→ **Exercise**: Pictures in the material below are to be left out, and only the lines from the line with "猜猜看照片裡的人在做啥,並不" up to and including the line with "総運![]() | 井樋敬之介さんの総運は39画の5つ星!社交性に優れ人望が厚い。人の上に立ち成功する。" are to be written out exactly.

→ **Provided information**:
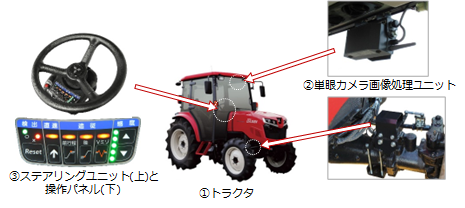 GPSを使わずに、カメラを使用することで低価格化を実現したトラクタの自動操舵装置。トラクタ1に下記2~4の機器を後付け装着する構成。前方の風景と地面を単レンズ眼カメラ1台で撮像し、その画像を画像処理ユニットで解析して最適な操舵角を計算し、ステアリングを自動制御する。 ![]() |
* * *
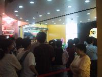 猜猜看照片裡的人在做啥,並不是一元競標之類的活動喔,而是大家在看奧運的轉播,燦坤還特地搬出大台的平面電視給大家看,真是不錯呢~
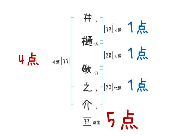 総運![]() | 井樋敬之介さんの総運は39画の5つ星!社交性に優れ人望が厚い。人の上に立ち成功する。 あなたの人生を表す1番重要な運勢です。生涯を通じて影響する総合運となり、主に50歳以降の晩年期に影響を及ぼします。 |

→ **Answer for the task**:
 猜猜看照片裡的人在做啥,並不是一元競標之類的活動喔,而是大家在看奧運的轉播,燦坤還特地搬出大台的平面電視給大家看,真是不錯呢~
 総運![]() | 井樋敬之介さんの総運は39画の5つ星!社交性に優れ人望が厚い。人の上に立ち成功する。 あなたの人生を表す1番重要な運勢です。生涯を通じて影響する総合運となり、主に50歳以降の晩年期に影響を及ぼします。 |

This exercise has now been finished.